Madame Sosei Shizuye Matsumoto will be recognized at a program titled “Ritual + Improvisation in Los Angeles” on Saturday, Dec. 1, from 1 to 4 p.m. at the Japanese American Cultural & Community Center, 244 S. San Pedro St. in Little Tokyo.
The Alliance for California Traditional Arts’ (ACTA) Traditional Arts Roundtable Series (TARS), in partnership with the JACCC, the Smithsonian Institution’s Center for Folklife and Cultural Heritage, and the Japanese American National Museum, will begin its season by honoring Matsumoto, a 1994 National Endowment for the Arts Heritage Fellow, and the Urasenke School of Chado.
A Japanese tea ceremony will be held in JACCC’s Tea Room at 1 p.m., followed by a conversation with Matsumoto’s students from the Urasenke School. The program will also include a community reflection engaging the needs and interests of local artists, cultural practitioners, and those who support that work. This community reflection will help inform the curation of the remaining six roundtables for the season, each taking place at JACCC through June 2019.
To RSVP, email firstname.lastname@example.org. This event is free and open to the public, but spaces are limited.
Partial funding for this program was provided by the Asian Pacific American Initiatives Pool, administered by the Smithsonian Asian Pacific American Center. The TARS series in Los Angeles is generously supported by the Los Angeles County Board of Supervisors through the Los Angeles County Arts Commission. Additional support provided by the California Arts Council and the National Endowment for the Arts.
About Madame Matsumoto
Chado is a complex series of hundreds of steps designed around the act of serving tea and requires a connoisseurship of all the necessary physical accoutrements as well as acute sensitivity in the disciplined interaction among its participants. When properly practiced, the natural setting, the delicately wrought tea utensils, the simple elegance of the decorations, and the smooth, regulated movements of the participants combine to remove the host and guests from the pressures of the outside world and place them in an atmosphere where each finds inner peace and tranquility.
Historically, chado has left its mark on many other art forms. In the 16th and 17th centuries, for example, tea masters influenced the shaping of some of the most beautiful of ceramic tea ware, always preferring the simple, rustic, and spare over the highly finished and refined.
In the U.S., the most influential teacher and accomplished master of chado is Sosei Shizuye Matsumoto. She was born Feb. 11, 1920, in Honolulu. After attending high school in Los Angeles, she enrolled in the French American Fashion Design School and graduated in 1941. At that time, she also began training in the “way of tea.” She moved to Kyoto and for six years she trained under Tantansai, 14th-generation grandmaster of the Urasenke School of Chado, and Soshitsu Sen, 15th-generation grandmaster.

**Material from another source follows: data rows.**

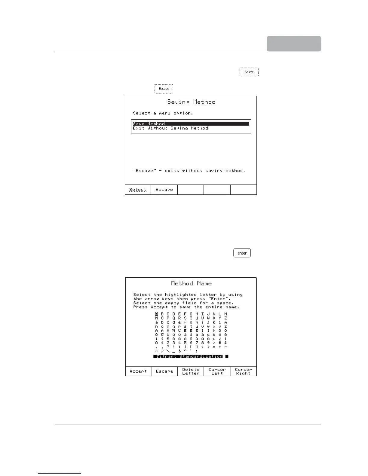 This option allows you to enter a name for the new method (up to 24 characters). Use the
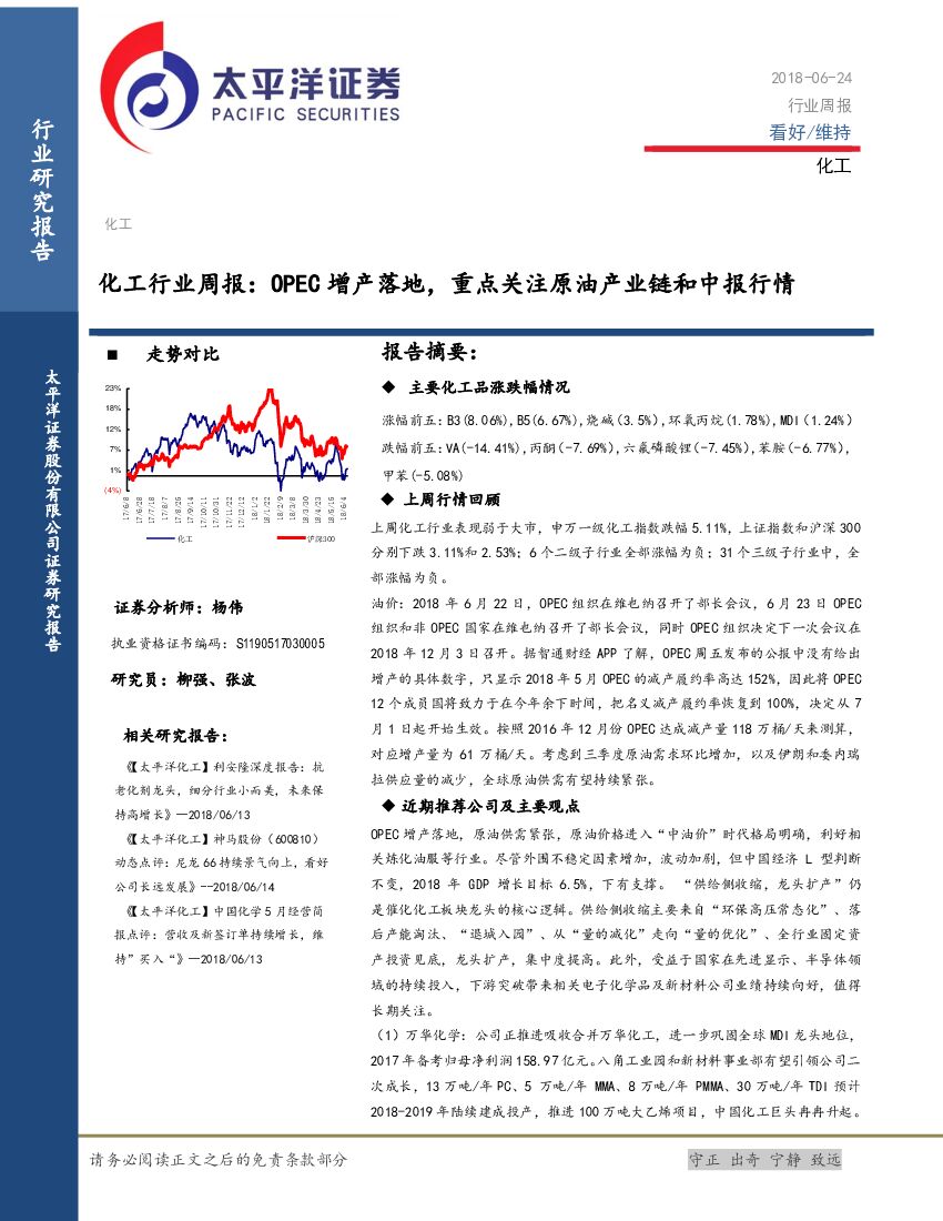 太平洋证券:化工行业周报:OPEC增产落地,重点关注原油产业链和中报行情.pdf
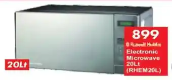 This special is available in various stores, view all products to get the cheapest Russell Hobbs Electronic Microwave. If you'd like to find out whether this product has a bigger discount in another store, check the category 'Grocery stores'. You may also find these specials interesting: Russell Hobbs Electronic Microwave Black, Russell Hobbs Electronic Microwave Mirror RHEM45L & Russell Hobbs 30L Electronic Microwave Oven (850002488).
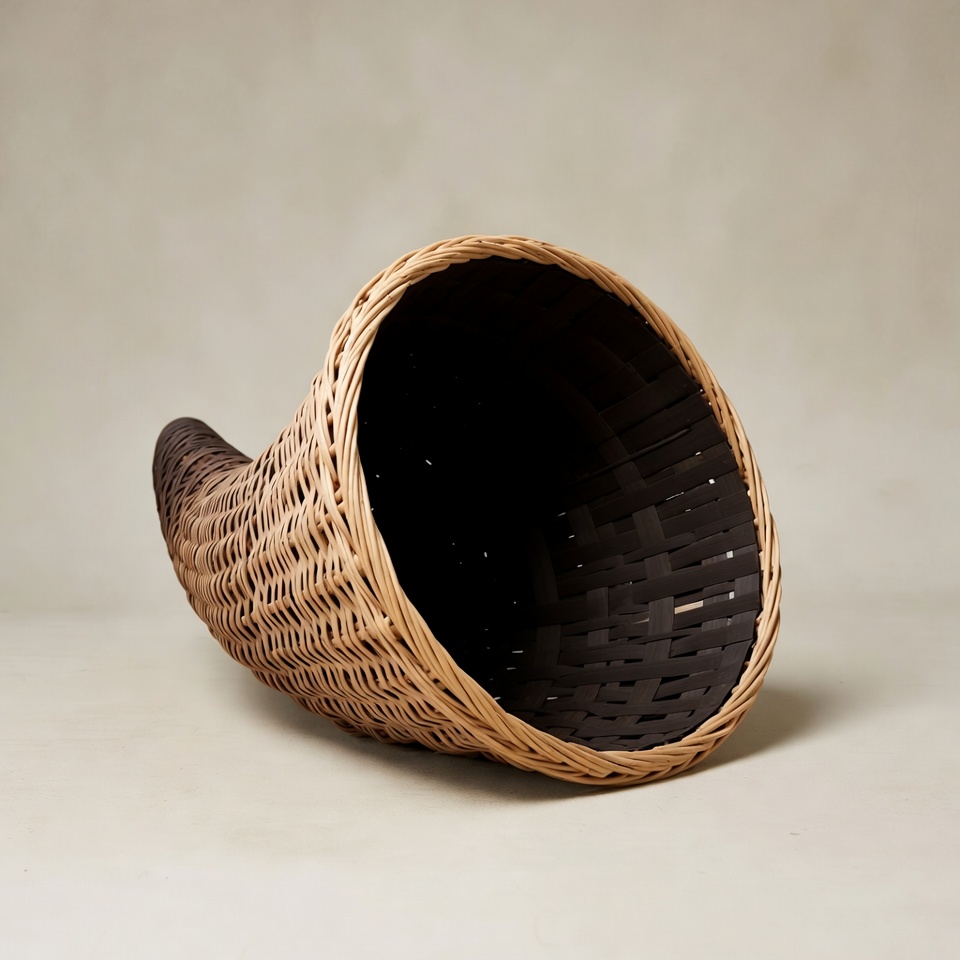 A large woven cornucopia made of brown wicker lies tilted on a light beige background. The horn-shaped basket features intricate braiding with darker accents inside the open mouth. It is empty and isolated against the plain surface.
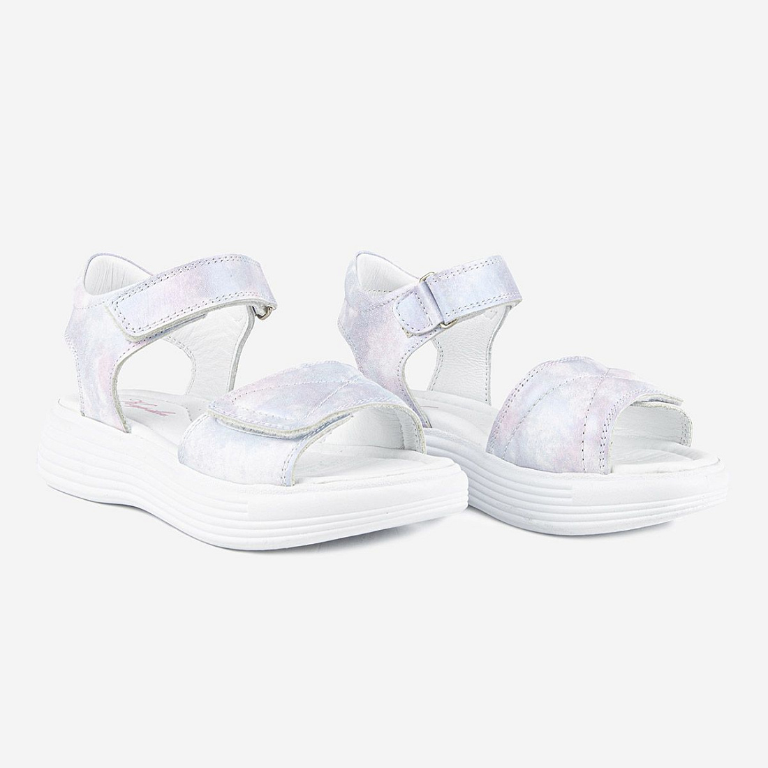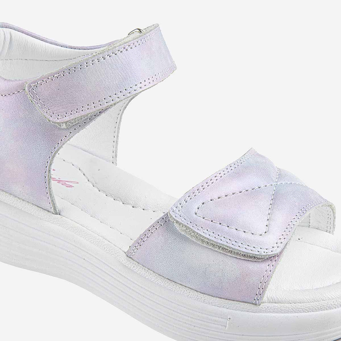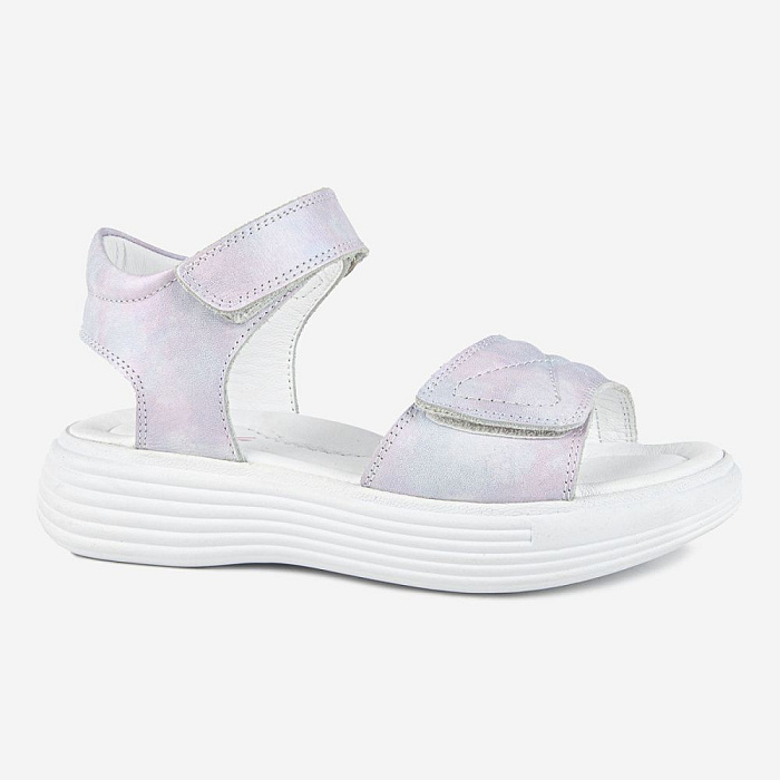Сандалии для девочки изготовлены из натуральной кожи (верх, подкладка и стелька). Сандалии имеют жесткий задник и подсводник для поддержки и формирования правильной формы стопы. Подошва произведена из термопластичной резины (TPR), что обеспечивает долговечность и хорошее сцепление с поверхностью.
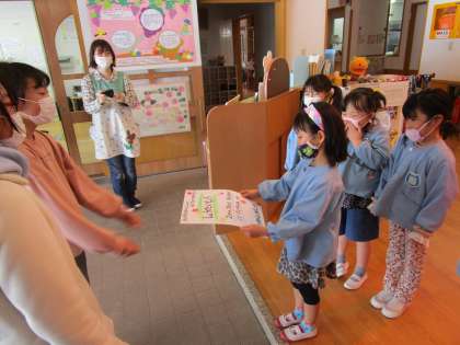 保育所に招待状を渡しに行きました。5年生は、保育所園児が学校を好きになってもらえるように準備をがんばっています。
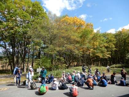 小田代ヶ原のバス停に到着。ここで昼食&トイレタイムです。
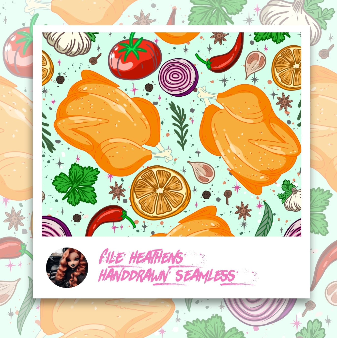 Chicken Let Her Cook Handdrawn Seamless File
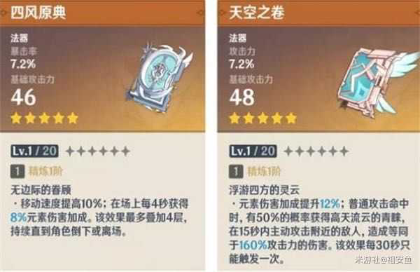 站场的主c或者组队时候推荐四风原典,如果是打副c或者工具人就推荐天空啦。都满强力的,抽到哪个用哪个就可以了。属性上四风攻击面板低一些,但是有个暴击率,80级的四风有30的暴击率加成,着实顶,让你的圣遗物难度下降8个度。天空书就是面板之王,攻击真的好高好高。
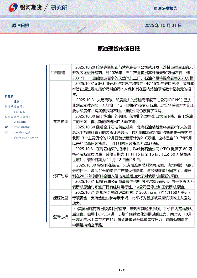 银河期货-原油12月报:过剩压力显著,地缘风险尚存-251127
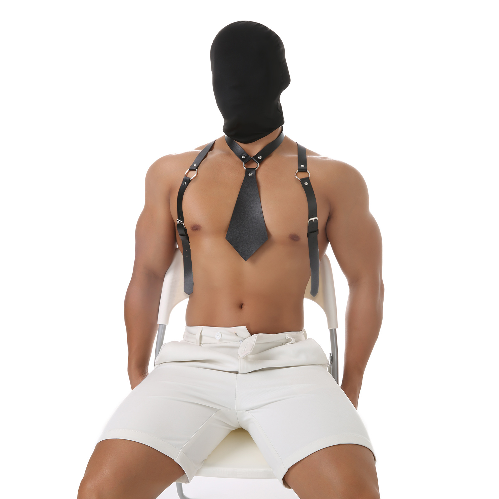 CLEVER-MENMODE フルマスク ブラックアイスシルク フード 模造革ネクタイ BDSM コスプレ衣装
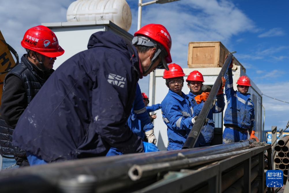 在海拔超過4700米的西藏納木錯,湖泊巖芯鉆探工作正在開展中。

Following WWII, Matsumoto saw that there were few practitioners of the tea ceremony in her new home of Los Angeles, but her desire to start a school was thwarted by the unsettled times, with Japanese Americans returning from wartime camps. In 1951, she was invited to the signing of the U.S.-Japan peace treaty in San Francisco, where over a four-day period she served tea to more than 3,000 American and Japanese officials, including President Harry Truman and Prime Minister Shigeru Yoshida.
Later that year, she started teaching the Urasenke Tea Ceremony in Los Angeles, convening the first tea ceremony classes ever held in the U.S.; one of her ceremonies is shown in the 20th Century Fox film “East Is East.”
In the 1950s, Matsumoto introduced millions of Americans to chado through appearances on CBS and NBC TV programs. In 1968, she was invited to present the tea ceremony at the Olympic Arts Festival in Mexico City. Her more than 40 years of teaching and lecturing throughout the country have resulted in over 120 chado teachers and thousands more tea ceremony devotees. Over the years, her students have included Japanese- and American-born people interested in learning the ancient ceremony.
Matsumoto exemplifies the character of a chajin or “tea person.” She not only knows and can teach all the procedures for chado, but she also manifests the true spirit of self-discipline and compassion for others, which only a few students are ever able to attain. In 1989 she received the title meiyo shihan (honored master) from her instructor Soshitsu Sen. This is the highest teaching certificate available for instructors of the tea ceremony.
She has lectured and demonstrated widely throughout Southern California as well as the Southwest. In recognition of her long service to preserving Japanese culture, Matsumoto received the Fifth Order of Merit (Order of the Sacred Treasure, Gold and Silver Rays) from the emperor of Japan in November 1990.